The active power is the same as the real power. And any power is instantaneous by nature, i.e. at any instance of time it has a value. Averaging the instantaneous power results in an average, and this average value, like the instantaneous value, can come from any power.

Therefore: active power == real power and they refer to a specific type of power, while the average is the mathematical average performed on any quantity. No averaging means instantaneous.

we don't see text books mentioning this high frequency component in the real power/active power.

We certainly do, since it's part of the very nature of the multiplication: there are two sines, multiplied, which gives the trigonometric equivalent of \$\cos(2\omega)\$. But the average of it is a fixed, non-oscillating value.

They directly say that the [???] and they directly give only the average value as real/active/average power.

It seems you missed a few words ther, but even so, the part where "they" give only the average values is the part where only those matter for the counter, or for load-flow analysis. Remember that the counter performs an averaging in time. The result at the end comes out a fixed number.

This reactive power that is mentioned here always has only a high frequency component here

You are misleading yourself by not continuing the derivation:

$$\begin{align} p(t)&=\dfrac{V_pI_p}{2}\{[1-\cos(2\omega t)]\cos(\theta)+\sin(2\omega t)\sin(\theta)\} \tag{1} \\ &=\dfrac{V_pI_p}{2}[\cos(\theta)-\cos(2\omega t)\cos(\theta)+\sin(2\omega t)\sin(\theta)] \\ &=\dfrac{V_pI_p}{2}[\cos(\theta)-\cos(2\omega t+\theta)] \tag{2} \\ &=\qquad{\bar p(t)}\qquad +\qquad{\tilde p(t)} \tag{3} \end{align}$$

Now you can see that there is a fixed value, \$\cos(\theta)\$, and an oscillating value at twice the frequency, which is naturally occuring when two sines are multiplied. The fixed value is nothing but the average. Since the cosine is an even function, the average is never negative, while the oscillating part never goes beyond twice the amplitude.
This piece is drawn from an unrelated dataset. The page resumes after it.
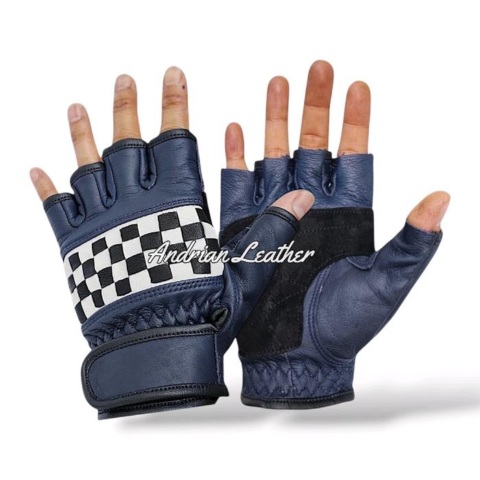 PROMO TERBATAS GLOVES MOTOR HALF FINGER KULIT ASLI SARUNG TANGAN KULIT ASLI CORAK CATUR UNISEX PRIA WANITA ANTI SINAR UV BIRU M
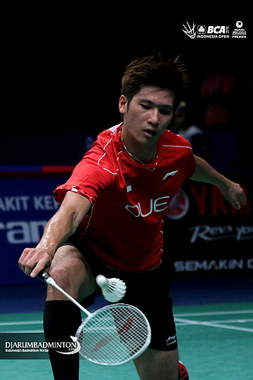 Zi Liang Derek Wong (Singapura) mengembalikan shuttlecock

In the case of power systems, if we are speaking about reactive power are we just speaking about the peak reactive load demands and quantifying it for load flows

Remember that the total power, S, is made of both active, P, and reactive, Q, powers, and their relation is orthogonal: \$S=\sqrt{P^2+Q^2}\$. And S is calculated based on the RMS values of the voltage and current. This means that no matter what displacement exists, the RMS values will be divided by \$\sqrt2\$, and their multiplication will always be one half of the peak values. The instantaneous values will have a frequency twice the fundamental, and its peaks will never be more than twice the \$\bar S\$. For example, if V=3 and I=2, S=3 and the peak will never be above or below ±6. Here shown for an angle varying from 0 (blue) to π/[2,3,4,6 (red)]):

and in case of real power in power system will we be speaking only about average value of real power load demands and proceeding with the load flow?

The load-flow assumes a behaviour in time, so the instantaneous values make little sense here. Therefore the only quantities of interest are magnitude and phase, which give the relevant average values.

As a final note, when talking about systems with harmoncs, the same reasoning as above can be used. For instantaneous values the displacement is now relevant only to one harmonic, and the total harmonic distortion (THD) takes place for the overall effect, while for a load-flow analysis, the same averages in time are done with the help of square-root sums of powers.

Answer 3

Both AC current and voltage are complex numbers. If you say the voltage is now 230 volts, it's actually 220∠0 (in degrees). You may write it as 220 + 0j. If you apply this voltage across an autotransformer, you may see the current is .3 0r 0.4 amp. But it's actually 0.3∠40 (as an example). You may write it as 0.223 + 0.1928j.

Now if you want to find the power consumed by the autotransformer you need to multiply the voltage with the complex conjugate of current. i.e. (220 + 0j)(0.223 - 0.1928j). The product will be 50.55 + 42.42j.
In simple form, Power $$ s = vi^* = |vi|∠\theta =re^{j\theta} = r(cos \theta + jsin\theta) = a+jb $$
The real part of s is the real power and the imaginary part is the reactive power. They are not the same thing. And from Euler's equation, you can see that they are periodic.